Почему «Дядя Ваня» — дядя? Видимо, таким обращением автор вызывает к нему в зрителях симпатию, доверие, веру в то, что он обладает подлинным знанием о мире. «Скажи-ка, дядя…» И потому, что только Соня могла назвать его дядей. Трудолюбивая, некрасивая, несчастливая девушка.
Отец ее Серебряков безличен — он символ тяжелого труда, центр, темное, слепое пятно, на которое все трудятся. Что он пишет в своем кабинете, какую тщету — никто не знает. Он — сгусток пустоты и без 49 различия. Сцена его примирения с Войницким, управляющим его именья, многие годы спустившим на поддержку его благосостояния, его тщеты, — ужасна как повторяющийся дурной сон, обреченный на вечный круговорот возобновления.
Мир нужно строить на земле, а не ждать смерти как воздаяния. Нужно скорее просвещаться, а не ждать, когда тебе исполнится 47 лет, возраст дяди Вани — возраст проигранной жизни.
Чеховская биография, как и произведения, изобилует драмой труда: Таганрог, тягло прилавка, забубенная церковная служба, позже, в Москве, куда семья его бежит от долгов, — ярмо мелких вещиц на заказ и т. д. Отец писал ему в Таганрог: мол, много шутишь в письмах, а мы тут без свечей сидим, где хочешь, а добудь денег к такому-то числу.
В части лавочных дел Павла Чехова автобиографичен образ Лопатина из повести «Три года». Потомственный лавочник Лопатин выделяется из обычаев семьи стремлением к светлому мыслительному труду. Отец и брат его поглощены торговой деятельностью, скрупулезной, трудоемкой, жалкой, мелочной, заморочной, узаконенной обилием церковных ритуалов. Отец бессмысленно старится, слепнет, брат Лопатина сходит с ума, от отчаяния увлекшись бессмысленным философствованием — своей страстью, подспудной, как выяснилось в конце повести.
Так вот, в сцене объяснения с будущей невестой труд — главный мотив, как и полагается навязчивой идее.
«— Меня нельзя обеспокоить, — ответила она, останавливаясь на лестнице, — я ведь никогда ничего не делаю. У меня праздник каждый день, от утра до вечера.
— Для меня то, что вы говорите, непонятно, — сказал он, подходя к ней. — Я вырос в среде, где трудятся каждый день, все без исключения, и мужчины и женщины.

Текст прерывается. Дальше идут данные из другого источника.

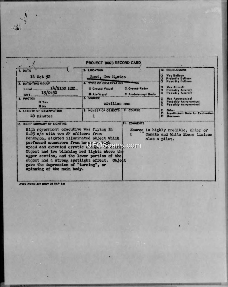 A government executive and pilot reported a 40-minute sighting of a large, metallic, high-speed object near Zuni, New Mexico, on October 14, 1952. The witness, considered highly credible, described maneuvers that exceeded known aeronautical capabilities.
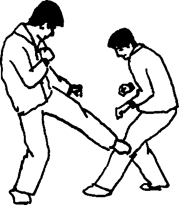 在左脚向后撤步的同时提左膝脚尖向右脚掌内扣,左脚向左侧猛铲击敌左膝关节外侧阳陵泉穴迫敌向后撤步。(图57-)
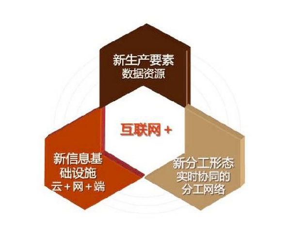 「互聯網+」把移動互聯網(台灣叫行動網路)、雲運算、大數據、物聯網全部包含在新基礎設施「雲+網(路)+端」的架構,利用大數據找出顧客需求成為新的生產要素,而重點是透過互聯網的溝通達到分時協作的目的。也就是說,「互聯網+」是透過網路整合所有雲與端:端的部分,包含智慧型手機、平板電腦、筆記型電腦連線的App及物聯網的相關裝置,而雲的部分包含雲端運算提供的服務及大數據的分析。而「互聯網+」後面的連結其實包羅萬象,「互聯網+金融」就成了「互聯網金融」,「互聯網+醫療」就成了「智能醫療」,「互聯網+農業」就成了「智能農業」,「互聯網+零售」就成了「零售4.0」,「互聯網+物」就成了「智能聯網」…等等。
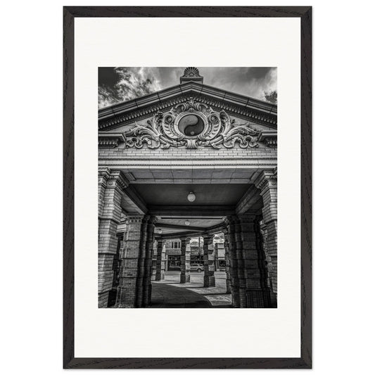Ying & Yang; Train Depot, Livingston, Montana Black & White Premium Wooden Framed Print w/ Museum-Quality Matte Paper
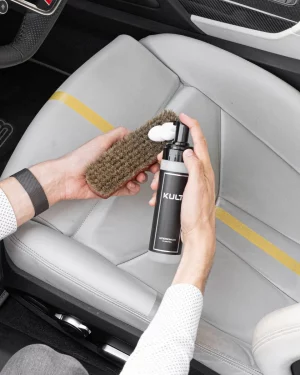 Dank der pH-neutralen Formel greift der Reiniger die schützende TopCoat-Schicht nicht an und trägt somit seinen Teil zum Werterhalt Ihres Porsches bei. Der feine Reinigungsschaum entfernt aktiv Verschmutzungen, Fette, Staub und Gerüche aus dem Leder, ohne das Material unnötig zu belasten oder zu beschädigen. Die speziellen Inhaltsstoffe sind auf die besonderen Eigenschaften von Leder aller Art abgestimmt, um eine intensive und vollkommen materialschonende Reinigung zu gewährleisten. Egal ob echtes original Glattleder, Alcantara, Kunstleder, Wildleder, RaceTex, vollnarbiges oder narbenkorrigiertes Leder – der KULT Lederreiniger ist für alle Lederarten geeignet.
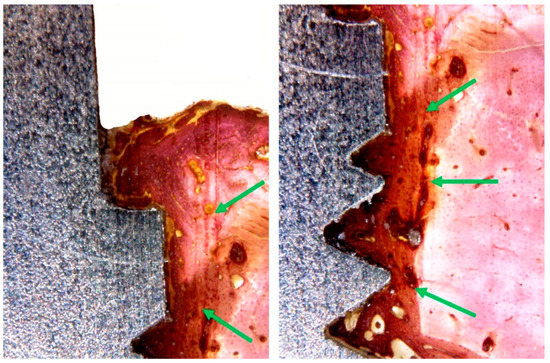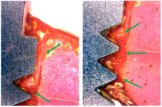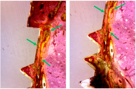 Whereas, in the TiT group, similar to the TiM group, the histological analysis showed bone neoformation in the areas adjacent to the implant surfaces, with regions of bone remodeling, showing evidence of a structural arrangement similar to that of the lamellar region. Around the implants, a superior bone density was observed and a minimum gap in the interface between bone and implant, with a smaller amount of collagen matrix present in these areas (Figure 8).
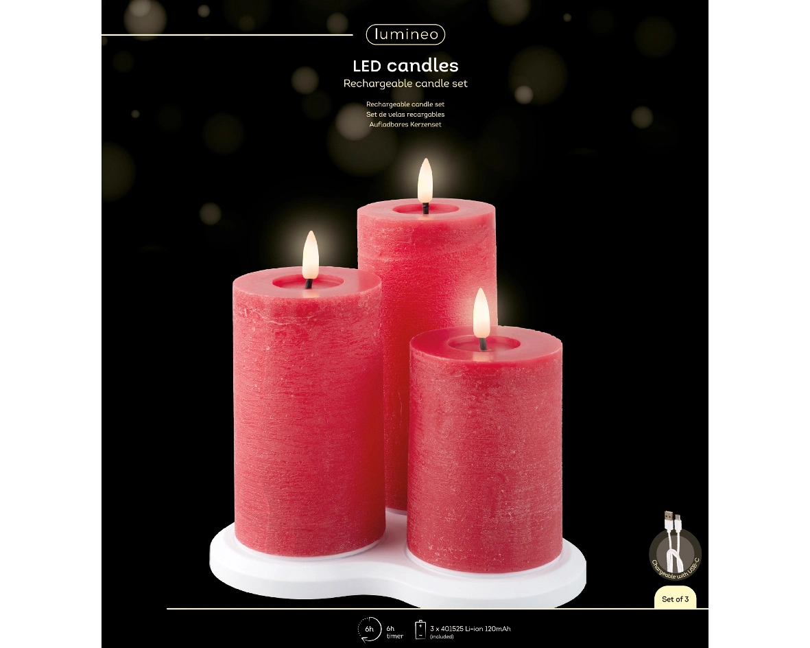 Lumineo LED Kaarsen Oplaadbare rood/Warm wit 3st

— А если нечего делать? — спросила она.
— Надо поставить свою жизнь в такие условия, чтобы труд был необходим. Без труда не может быть чистой и радостной жизни».
Так каким должен быть труд, чтобы он был основой чистой и радостной жизни? Ответ на этот вопрос — вместе с его невозможностью — составляют существенную часть движителя чеховского письма.

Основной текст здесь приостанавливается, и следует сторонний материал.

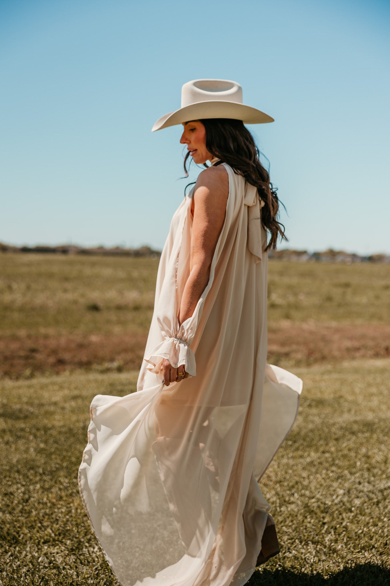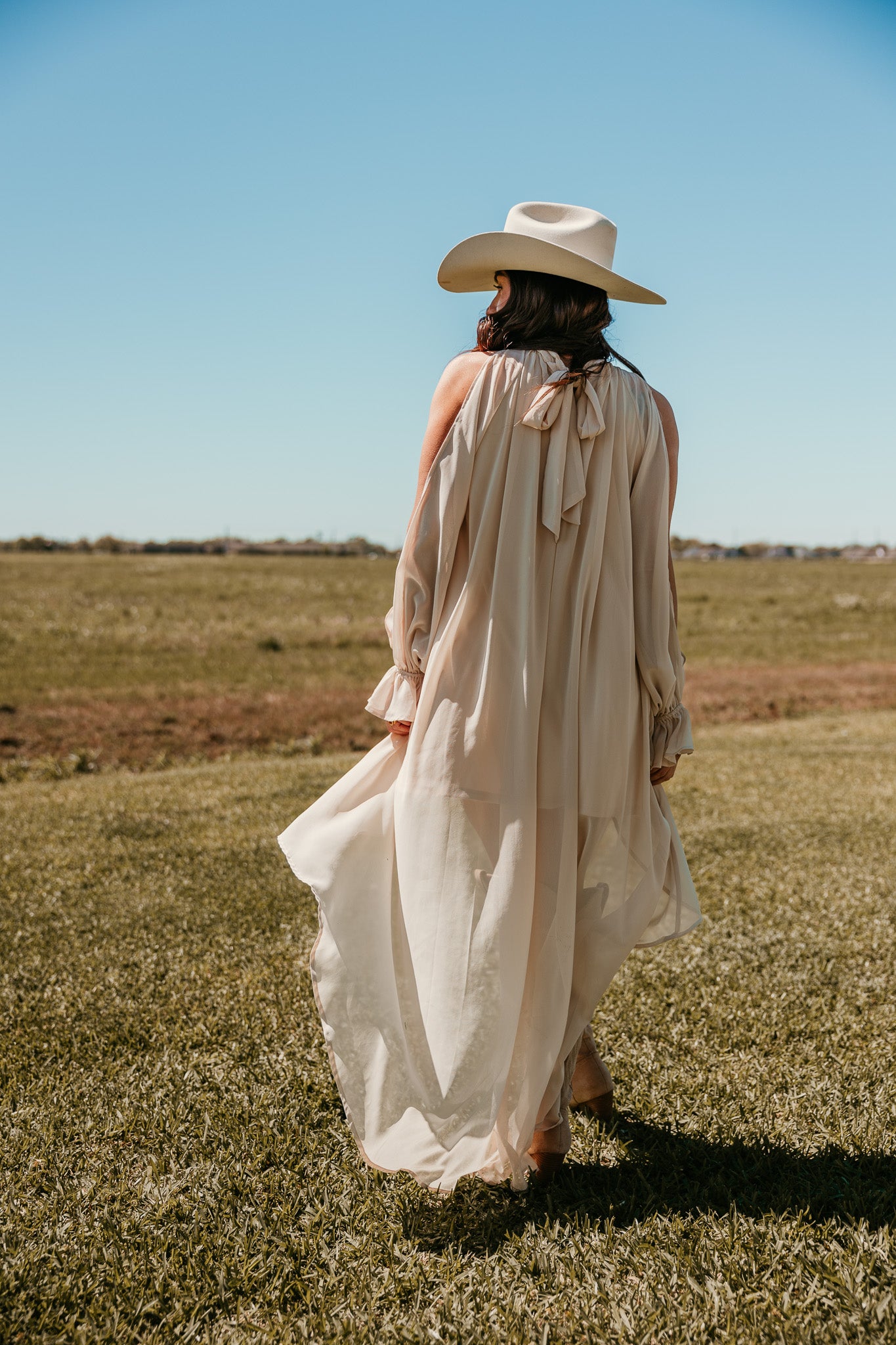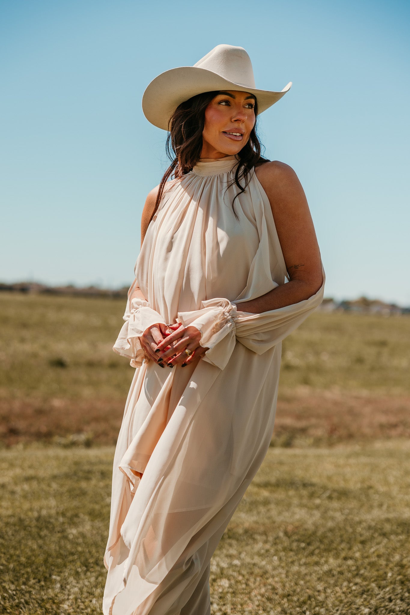 This champagne dress features a softly gathered neckline and a fluid high-low hem, creating effortless movement for western-chic outfits and elevated day-to-night styling.

И не только письма. На Сахалин он поехал именно в связи с обобщенностью размышлений о человеке как страдательном залоге простой и беспощадной жизни. (Мыслимо ли?! — Чехов-труженик переписал все каторжное население Сахалина — и после составил подробнейший, уникальный отчет о поездке.) Очевиден безвыходный пафос: освящение труда.
Труд должен быть светел. Копать нужно не землю, а воздух, свет.
Об одном столе, который был картой
В моей жизни не оказалось под руками стола, достойного описаний. (Не считая столового плато Устюрт — столь же плоского и обширного, сколь труднодоступного и безжизненного.) Зато такой стол есть в воображении.
Он серебряный и круглый.
На нем чеканка.
Если смотреть на этот стол из-под купола зала, где он стоял, — его можно принять за монету.
Но ни на одной монете никому никогда не приходило в голову вычеканить карту.
Тем более — карту мифа.
Того, кто расплатился этой монетой, звали Артур.
Совершенно верно, Король Артур.
Бесценность этого стола — вовсе не в его принадлежности, и уж тем более не в весе.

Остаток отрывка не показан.